Numpy array - `ndarray` - is the most used data structure in Numpy package (maybe overall Python packages). This array has a *ton of features* which are used in data processing.

Basically, you can use the numpy array to store variables with a fixed `dtype`. More on data type in Numpy [here](https://jakevdp.github.io/PythonDataScienceHandbook/02.01-understanding-data-types.html).

In [2]:
np.array([3, 2], dtype=np.float64)

array([3., 2.])

In [3]:
np.array([3, 2], dtype=np.int16)

array([3, 2], dtype=int16)

In [4]:
np.array([3, 2], dtype=np.int16)  == np.array([3, 2], dtype=np.float64)

array([ True,  True])

### Getting information about `ndarray` objects

There are several information that you can get on a ndarray, a more details walkthrough is available [here](https://jakevdp.github.io/PythonDataScienceHandbook/02.02-the-basics-of-numpy-arrays.html).

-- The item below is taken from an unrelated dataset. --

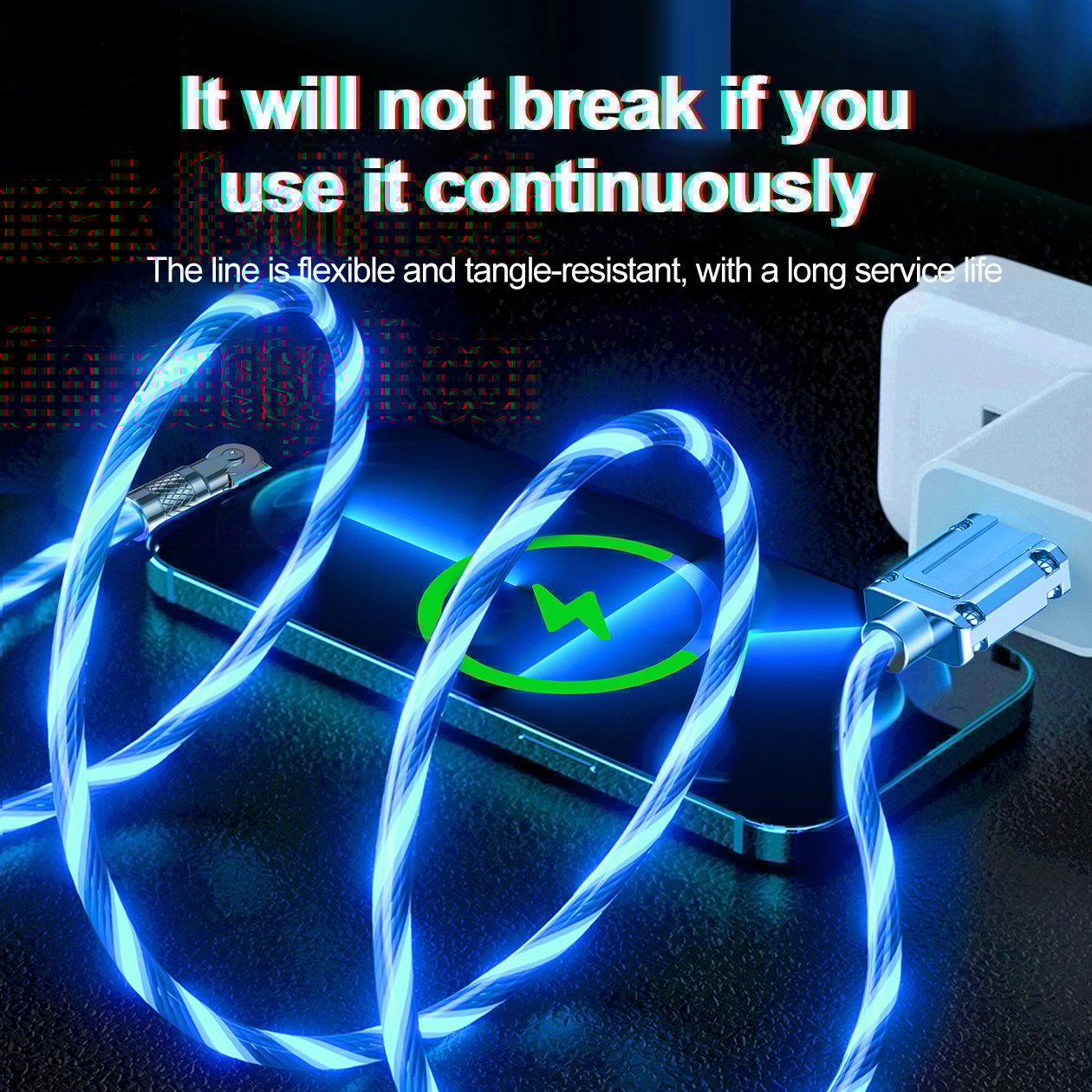 - Flowing Light Effects🌈: Equipped with colorful flowing light effects, the data cable emits bright colors when charging, creating a visually appealing atmosphere, adding a sense of fashion to your car while you no longer have to grope in the dark to find the data cable, making the charging process more enjoyable.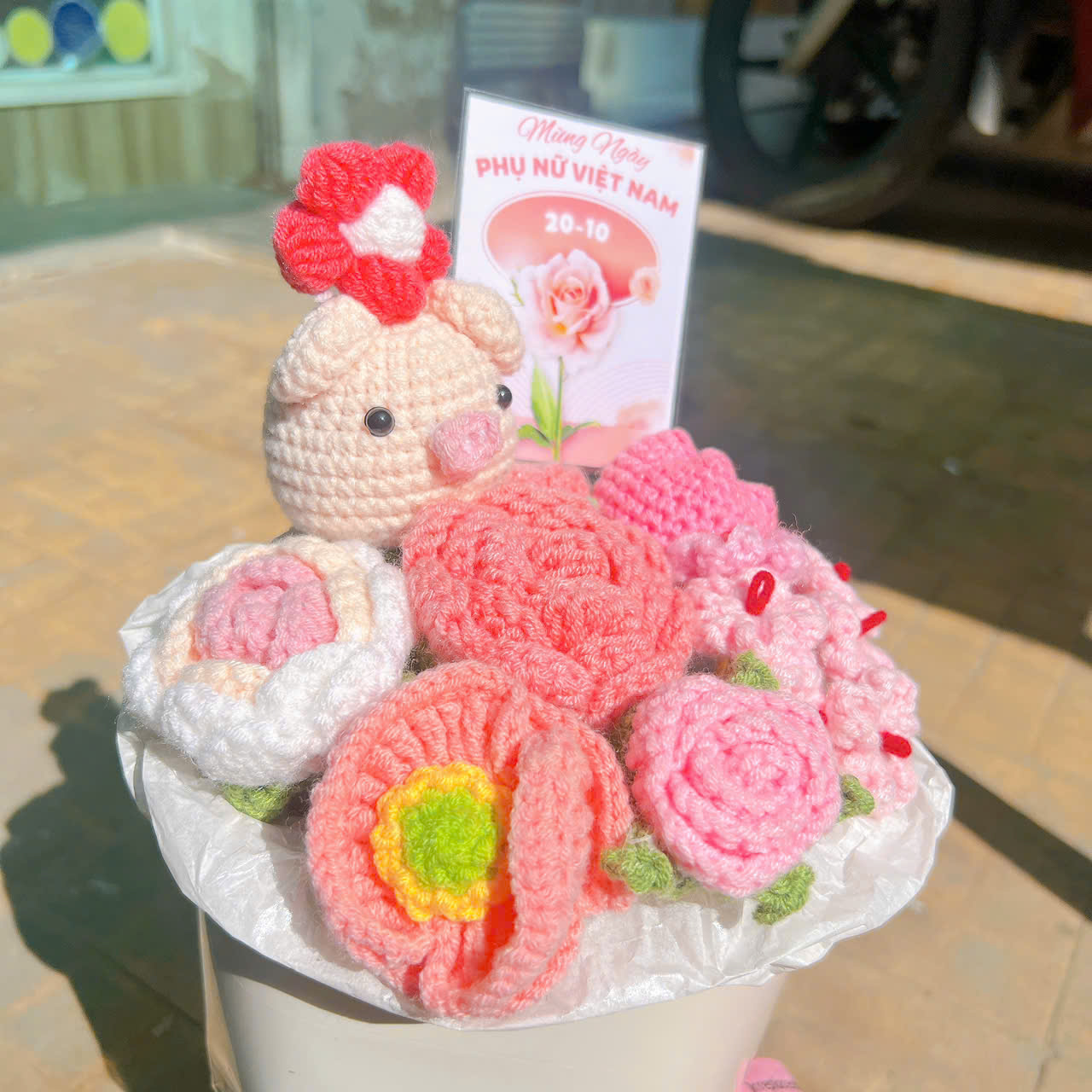 Bó Hoa Tròn Heo Hoa Hồng

We will illustrate some features of the ndarray on the object `data`. It has 3 dimensions like RGB images: first two dimensions can be interpreted as width and height and third one is the RGB value of each pixel.

In [5]:
data = np.random.random((500, 250, 3))

In [6]:
print(
    f"data dimension: {data.ndim}\n"
    f"data shape: {data.shape}\n"
    f"data size: {data.size}\n"
    f"data dtype: {data.dtype}\n"
)

data dimension: 3
data shape: (500, 250, 3)
data size: 375000
data dtype: float64



As we will see later in this notebook and during lab session, it's extremely important to keep in mind the data type contained in `ndarray` and the shape.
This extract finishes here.